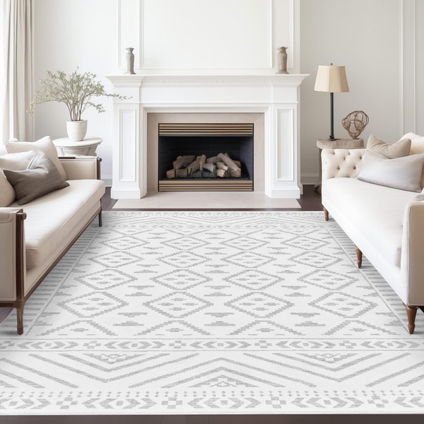 Art&Tuft Area Rugs 8x10, Super Soft Ultra-Thin Moroccan Washable Rug, Anti-Slip Backing Rugs for Living Room, Foldable Geometric Machine Washable (8'x10', 02-Grey)
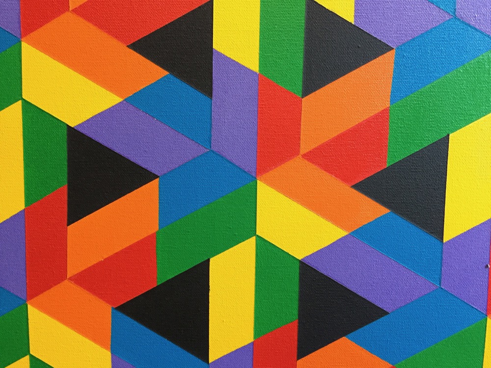 This is a variation of Open Hexagonal Lattice I, with the edge lengths increased and the open black "holes" expanded. Colors are arranged so that complementary colors are adjacent to one another when you move along the length of a span (red/green, orange/blue, yellow/purple). Moving around a span, colors are grouped as neighboring pairs (red/orange, orange/yellow, etc...).
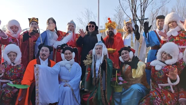 1月3日,拉法山雪俗村内蛟河市艺术团的精彩文艺演出与吉林市戏曲剧团带来的八仙巡游沉浸式表演轮番登场,东北民俗特色与中华传统文化底蕴在此交融碰撞。13时30分,八仙巡游沉浸式表演在水谷公园温情启幕,活动现场人头攒动、热闹非凡。“财神爷”唱响《恭喜发财》,并向观众抛撒元宝造型巧克力,将满满的新春祝福传递给在场每一个人;“铁拐李”“汉钟离”“吕洞宾”等“八仙”依次表演节目,沉浸式的互动体验让现场洋溢着欢乐祥和的氛围,市民游客感受到了浓浓的年味与文化暖意。
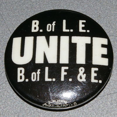 Brotherhood of Locomotive Engineers & B. of L. F. & E. Unite campaign button
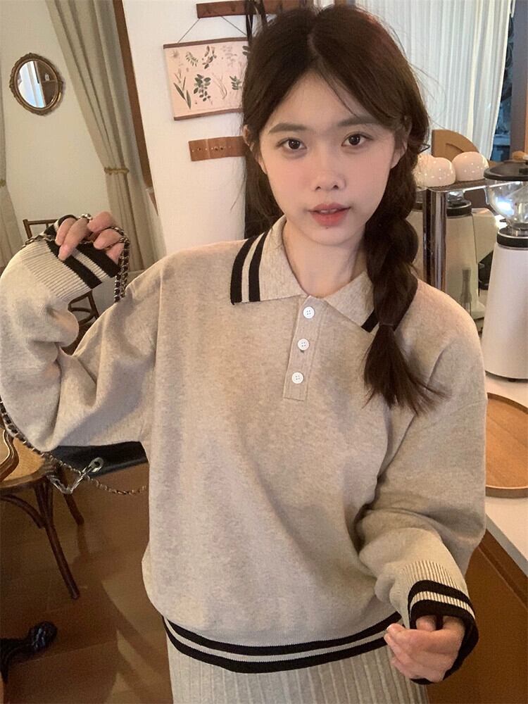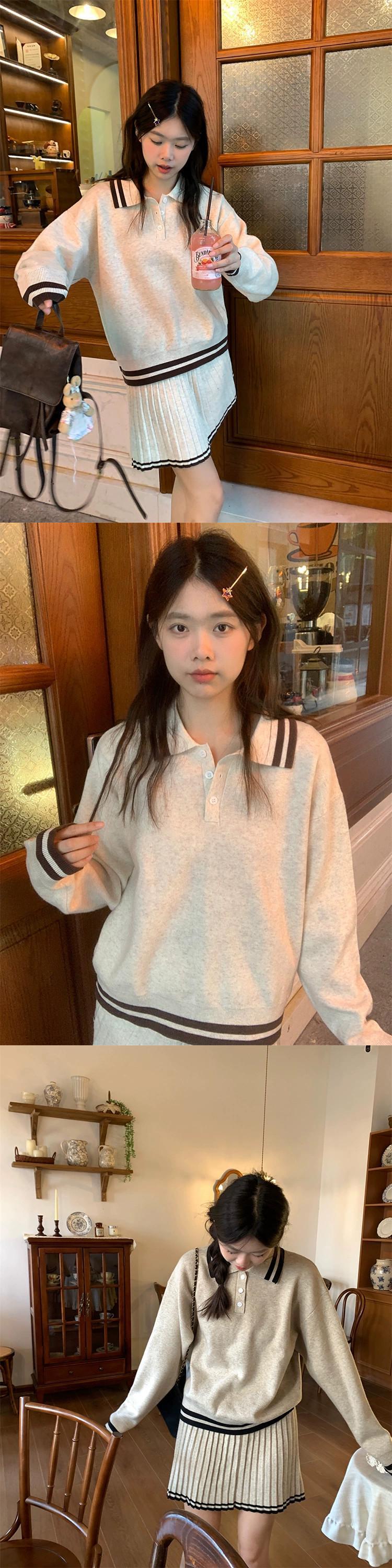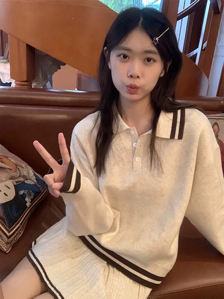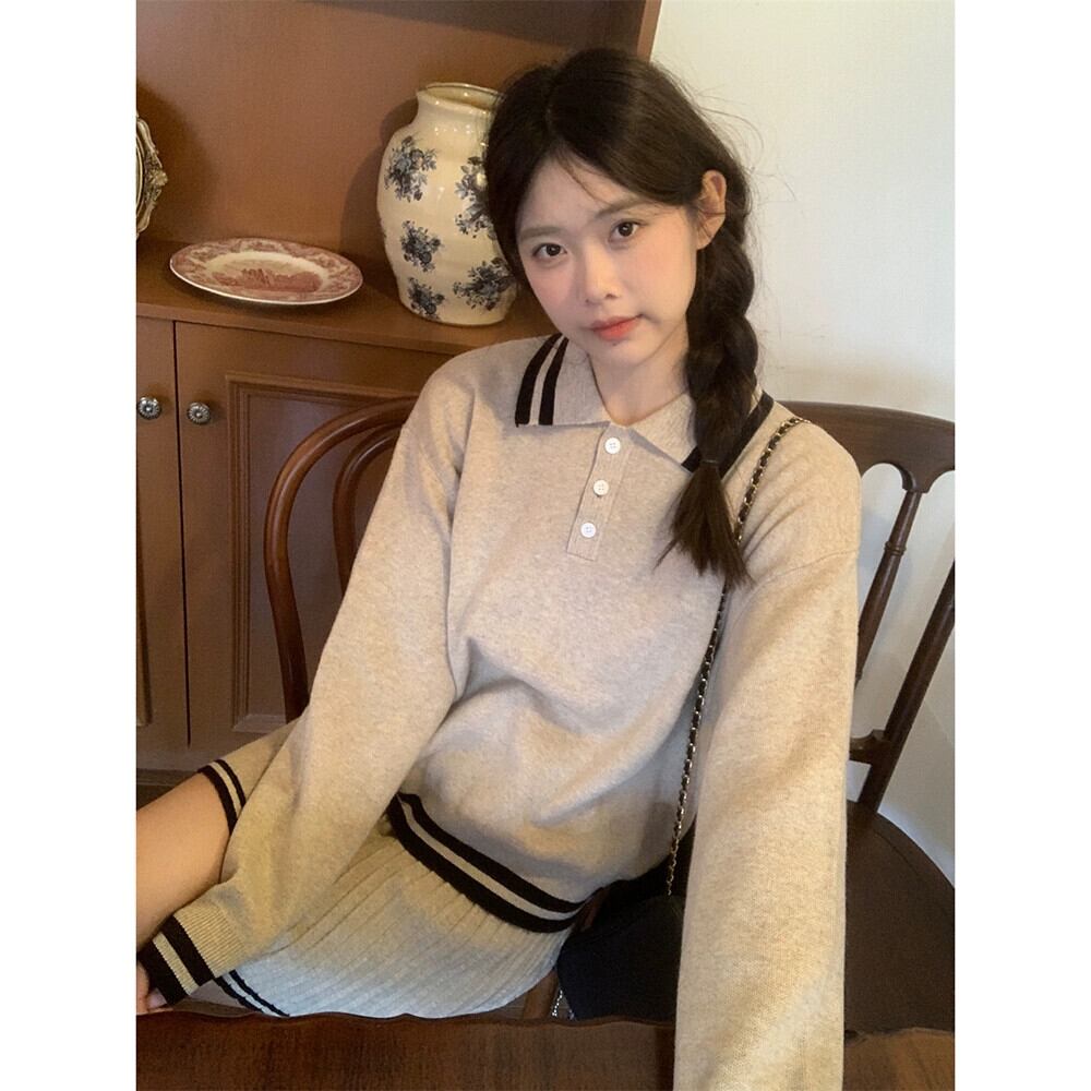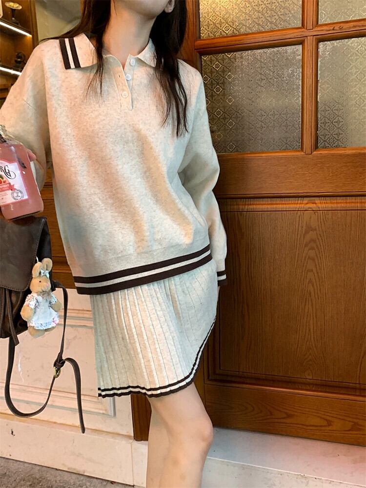 スタイル ニット スーツ レディース 春 老化防止 ポロカラー セーター スリミング ハイウエスト プリーツ スカート 2 点セット スプリング 春物 missk48741009731
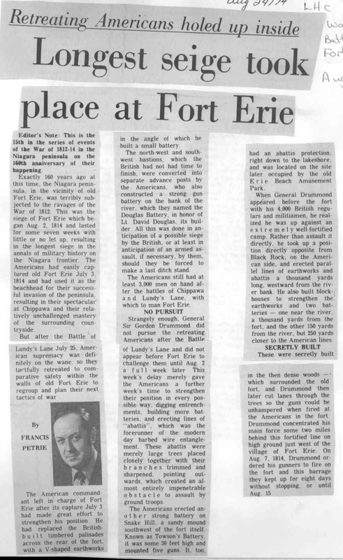 Longest siege took place at Fort Erie
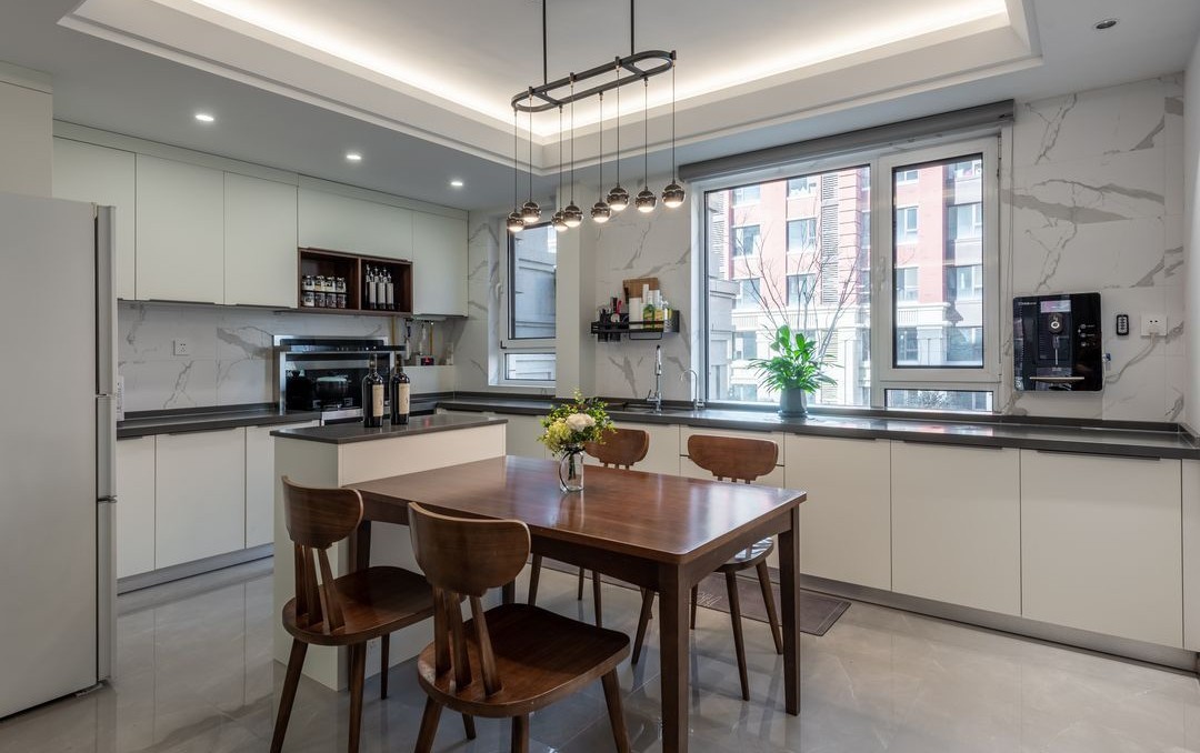 餐廚一體,整體簡(jiǎn)潔舒爽。這樣的設(shè)計(jì),使空間開(kāi)闊明朗,更方便了家人之間的交流,讓愛(ài)與美味,哪一個(gè)都不會(huì)缺席,而且與老家具的配套使用***大方,不落俗套。
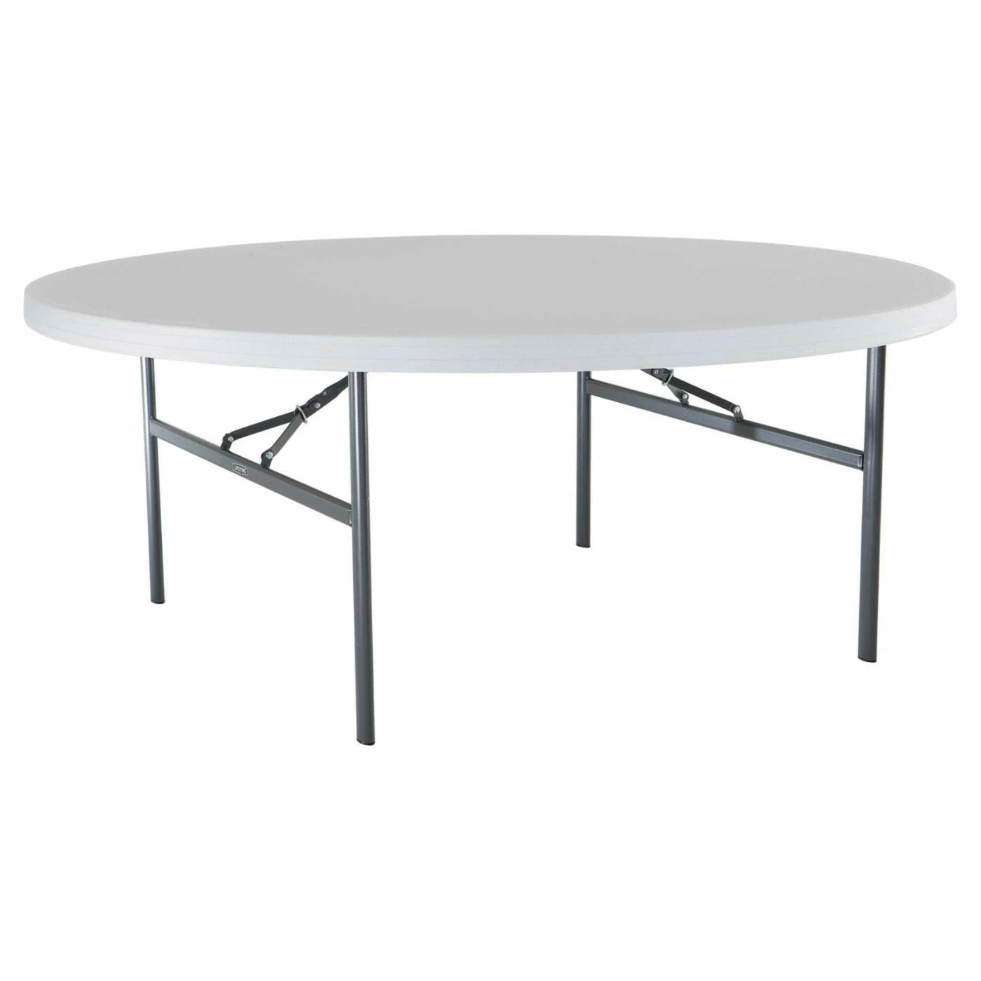 The Lifetime 72 in. Round Heavy-Duty Folding Banquet Table – White – 12 Pack is perfect for banquets both indoors and out. The pristine, white surface is UV protected, won’t crack, chip or peel, and is 100% stain resistant. The lightweight design and folding steel frame makes this set convenient to set-up or carry away when the party’s over. The superior strength, durability and appearance of these tables makes this set a must have for any business or recreational gathering. Measures 72L x 72W x 29H inches.
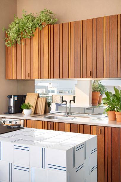 Outro destaque do projeto é a marcenaria da sala principal, desenhada pelos arquitetos, em especial a estante em freijó com espelhos, compondo o canto do bar, e, do outro lado, o móvel-rack sob a TV, com espaço para armazenar discos de vinil. Já no andar superior, a dupla destaca os azulejos com estampa geométrica usados na ilha do cooktop da área gourmet e na parede do lavabo.
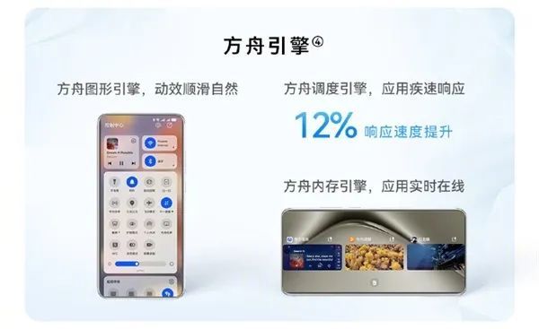 方舟引擎:方舟图形引擎,动效顺滑自然;方舟调度引擎,应用疾速响应,响应速度提升 12%;方舟内存引擎,应用实时在线。

*Task description*
With the pictures left out, please output each line from the one containing "Outro destaque do" through the end of the entries, exactly as it is.

*Answer box*
 Outro destaque do projeto é a marcenaria da sala principal, desenhada pelos arquitetos, em especial a estante em freijó com espelhos, compondo o canto do bar, e, do outro lado, o móvel-rack sob a TV, com espaço para armazenar discos de vinil. Já no andar superior, a dupla destaca os azulejos com estampa geométrica usados na ilha do cooktop da área gourmet e na parede do lavabo.
 方舟引擎:方舟图形引擎,动效顺滑自然;方舟调度引擎,应用疾速响应,响应速度提升 12%;方舟内存引擎,应用实时在线。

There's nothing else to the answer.